● **What is expected**: An exact transcription is needed of the lines below from the one with "要是你已经忘记了EPR是个什" through the one with "6、以下就是创建好的表格啦,点击【编辑注", with no other lines and no pictures.

-- Information given follows --

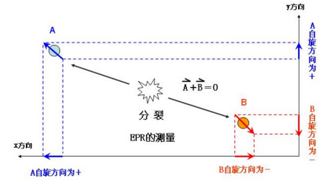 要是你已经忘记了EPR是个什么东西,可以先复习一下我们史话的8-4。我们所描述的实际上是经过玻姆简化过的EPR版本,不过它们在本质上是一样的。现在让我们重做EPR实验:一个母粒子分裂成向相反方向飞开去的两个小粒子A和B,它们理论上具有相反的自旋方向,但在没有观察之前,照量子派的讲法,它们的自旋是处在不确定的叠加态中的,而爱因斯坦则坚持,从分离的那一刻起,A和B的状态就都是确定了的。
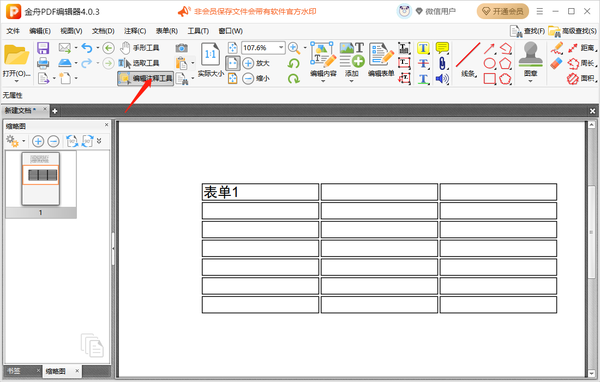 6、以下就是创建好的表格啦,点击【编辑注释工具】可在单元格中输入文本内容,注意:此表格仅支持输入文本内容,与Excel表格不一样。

-- Information given concluded --
-- Information given follows --

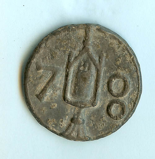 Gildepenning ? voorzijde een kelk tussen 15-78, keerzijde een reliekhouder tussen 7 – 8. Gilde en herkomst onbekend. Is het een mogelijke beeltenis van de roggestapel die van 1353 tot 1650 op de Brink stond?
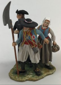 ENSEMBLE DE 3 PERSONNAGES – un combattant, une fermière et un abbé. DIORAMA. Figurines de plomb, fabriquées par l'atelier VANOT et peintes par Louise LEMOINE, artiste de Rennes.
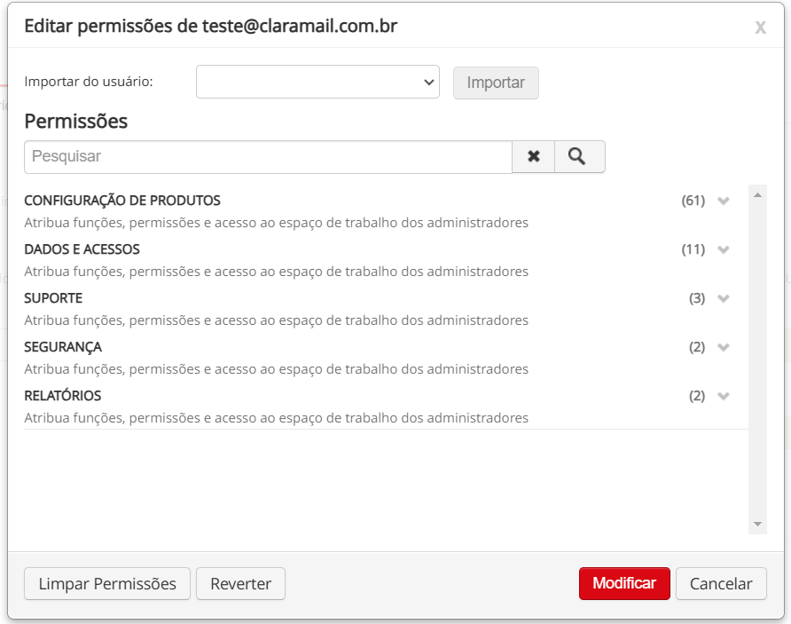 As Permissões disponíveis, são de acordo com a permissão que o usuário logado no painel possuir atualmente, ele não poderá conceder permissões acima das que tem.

-- Information given concluded --
-- Information given follows --

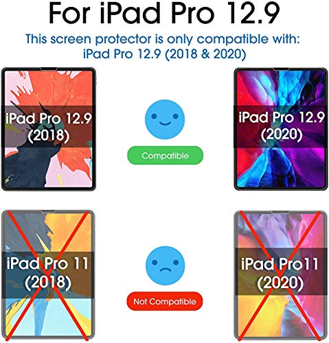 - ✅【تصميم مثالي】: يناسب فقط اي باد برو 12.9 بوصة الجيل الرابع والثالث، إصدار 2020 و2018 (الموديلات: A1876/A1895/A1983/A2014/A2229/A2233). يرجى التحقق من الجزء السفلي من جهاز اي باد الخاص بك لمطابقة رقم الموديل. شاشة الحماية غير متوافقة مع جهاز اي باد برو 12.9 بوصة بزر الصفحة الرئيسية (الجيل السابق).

-- Information given concluded --

● **Result for this task**:
 要是你已经忘记了EPR是个什么东西,可以先复习一下我们史话的8-4。我们所描述的实际上是经过玻姆简化过的EPR版本,不过它们在本质上是一样的。现在让我们重做EPR实验:一个母粒子分裂成向相反方向飞开去的两个小粒子A和B,它们理论上具有相反的自旋方向,但在没有观察之前,照量子派的讲法,它们的自旋是处在不确定的叠加态中的,而爱因斯坦则坚持,从分离的那一刻起,A和B的状态就都是确定了的。
 6、以下就是创建好的表格啦,点击【编辑注释工具】可在单元格中输入文本内容,注意:此表格仅支持输入文本内容,与Excel表格不一样。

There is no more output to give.